To register the feature, run the Tecton CLI command tecton apply
:
$ tecton apply
Using workspace "prod"
✅ Imported 15 Python modules from the feature repository
✅ Collecting local feature declarations
✅ Performing server-side validation of feature declarations
↓↓↓↓↓↓↓↓↓↓↓↓ Plan Start ↓↓↓↓↓↓↓↓↓↓
+ Create Transformation
name: partner_ctr_performance_transformer
+ Create FeaturePackage
name: partner_ctr_performance:7d
transformation: partner_ctr_performance_transformer
↑↑↑↑↑↑↑↑↑↑↑↑ Plan End ↑↑↑↑↑↑↑↑↑↑↑↑
Are you sure you want to apply this plan? [y/N]>
Enter y
to apply the FeaturePackage to Tecton.
Once you apply the new Feature Package, Tecton will begin orchestrating and managing the feature within the Feature Store. The feature will be available for access in a Spark notebook for experimentation and training, as well as in production for serving.
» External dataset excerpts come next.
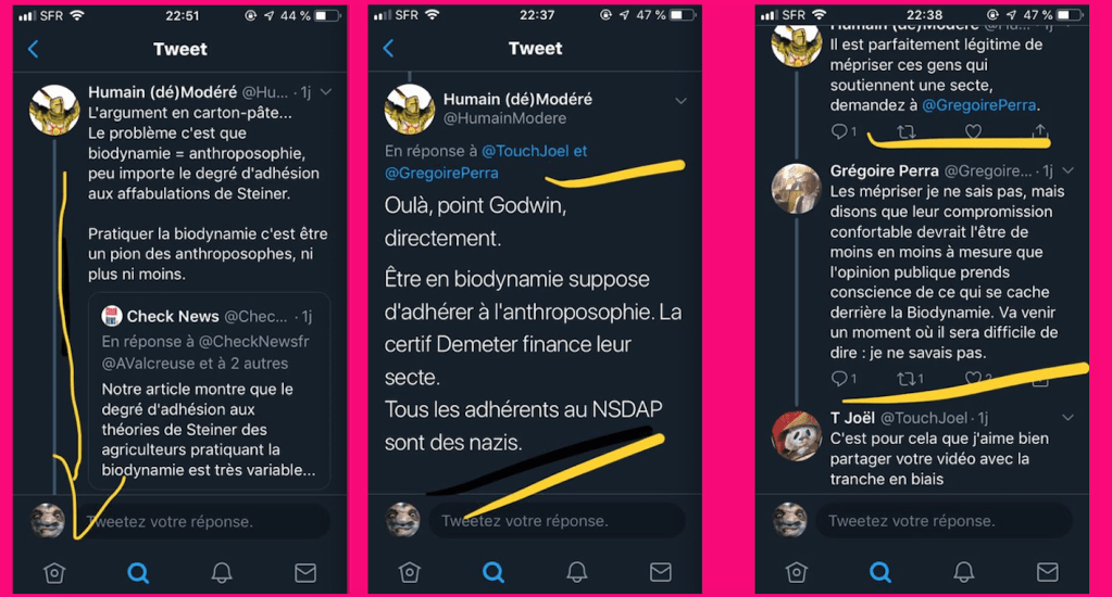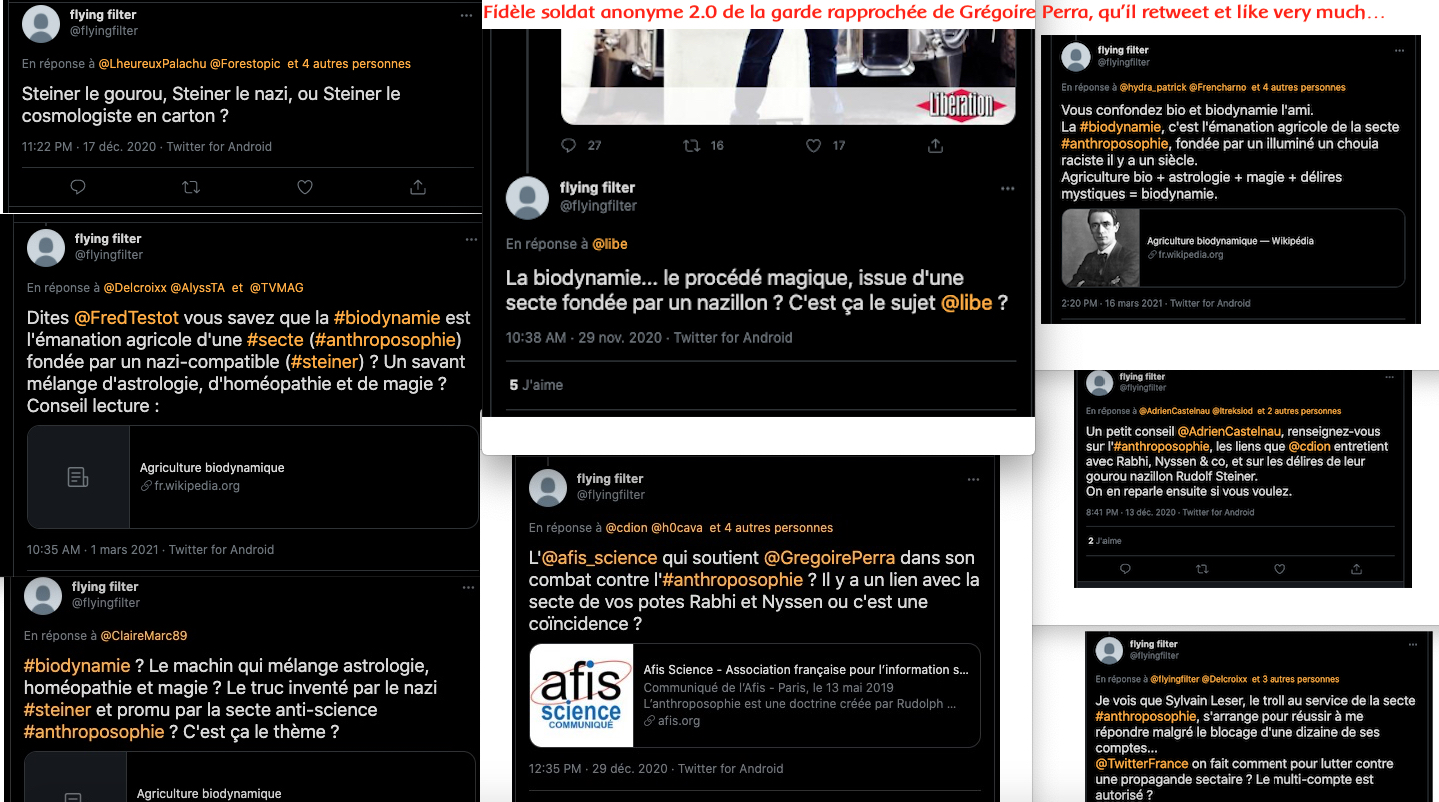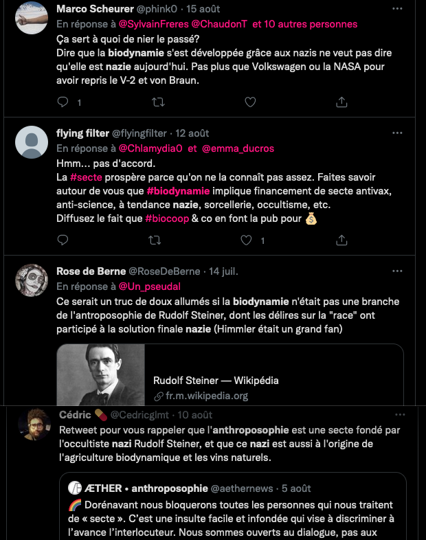 Ça fait depuis 2019 que j’observe leur manège et je ne suis pas le seul, tout le monde le sait pour (l’astroturfing anti-biodynamie à la française, archives : https://twitter.com/SylvainFreres/status/1294836071503745024?s=20, Y a du récent, avec les petits nouveaux.)…
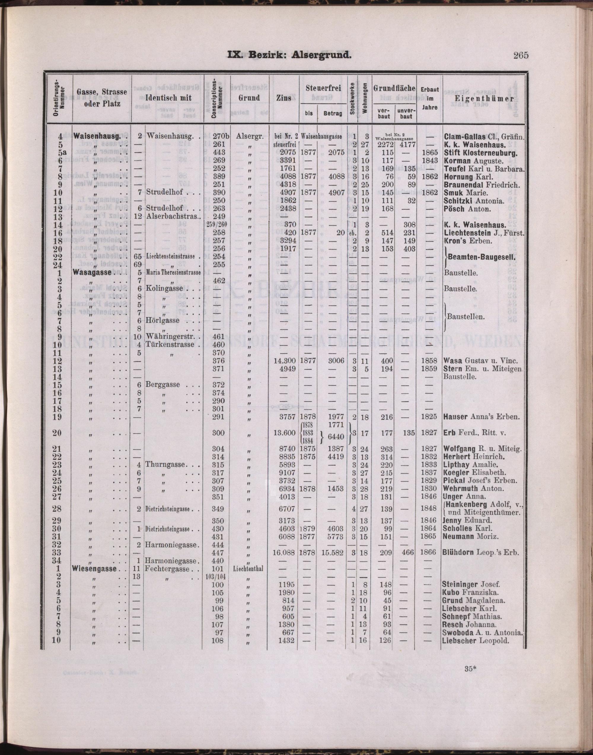 Der Cataster : Handbuch für Ämter, Architekten, Baumeister, Capitalisten, Hausbesitzer etc., etc. über sämmtliche Häuser der K.K. Reichshaupt- und Residenzstadt Wien / Hrsg. und Verl. Joseph Schlessinger
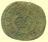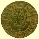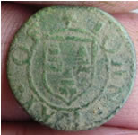 | 17thC Elias Moortier , bays maker of Colchester hammered copper trade farthing | |
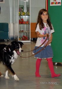 Übungen wie „Sitz“, „Platz“, „Pfötchen geben“, „Check“ und das Herbeirufen eines abgelegten Hundes wurden absolviert.
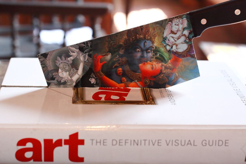 Be it his abstract paintings or his ‘wounded’ books, Kingsley’s works are sensory responses to the experience of violence, as well as the perpetration of acts of violence. His prolific methodology is quick and aggressive and consistently resisting statist, dominant narratives that exist in a post-war era. The spine of his book practice is inspired from the burning of the Jaffna Library in 1981, which is reiterated through a meditative practice of burning and cutting; an act of remembering and that of a witness.
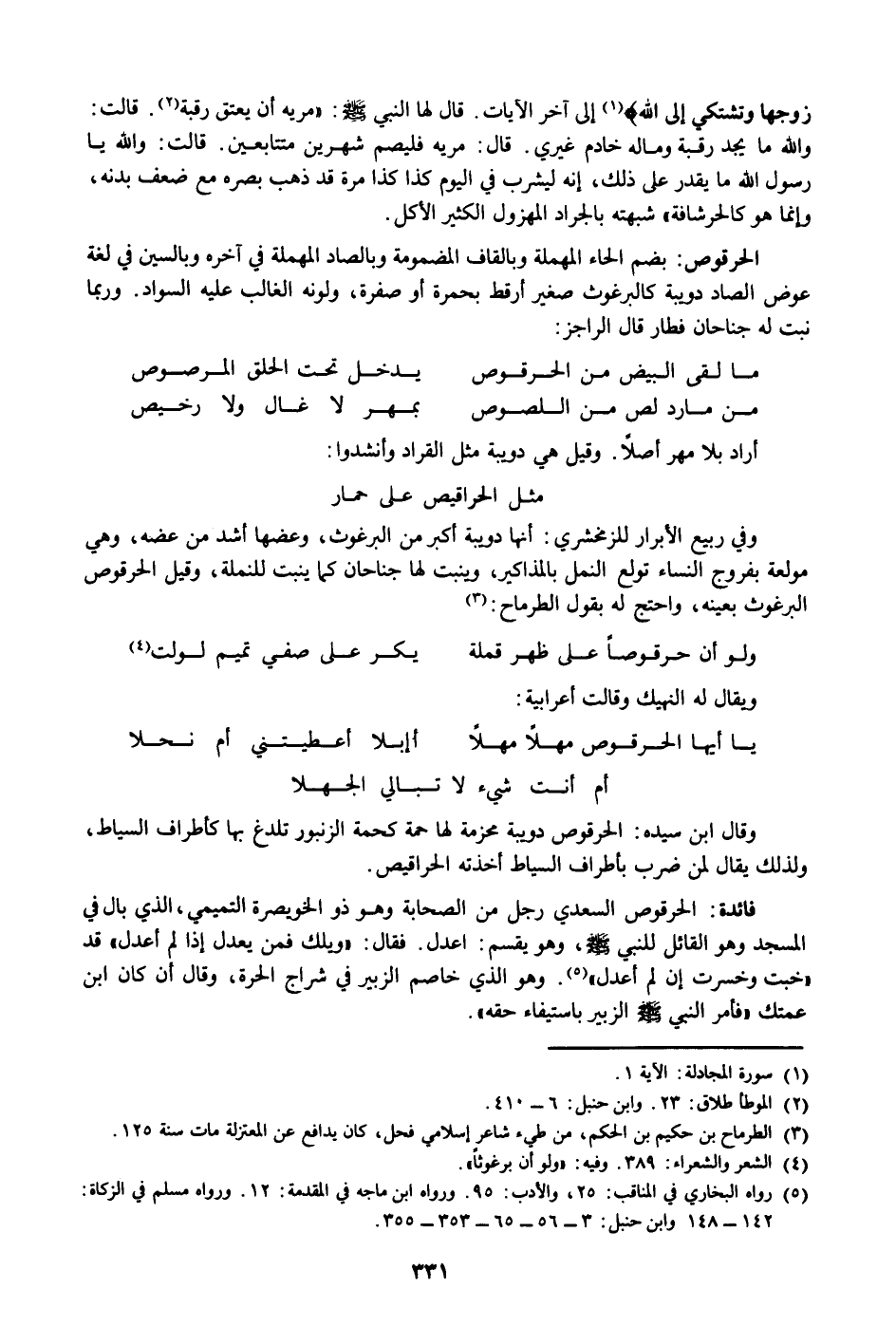 وفي ربيع الأبرار للزمخشري: أنها دويبة أكبر من البرغوث، وعضها أشد من عضه، وهي مولعة بفروج النساء تولع النمل بالمذاكير، وينبت لها جناحان كما ينبت للنملة، وقيل الحرقوص البرغوث بعينه، واحتج له بقول الطرماح: «3»

Viewing and previewing a Feature
Once a feature has been registered with Tecton, it can be viewed within the Tecton UI. This can be used to view the transformation logic, feature lineage, and the health of the processing jobs for generating feature data.
Once a feature has been registered, it can also be loaded into a Spark notebook. This can be used to preview data, perform additional exploratory analysis, and build training sets.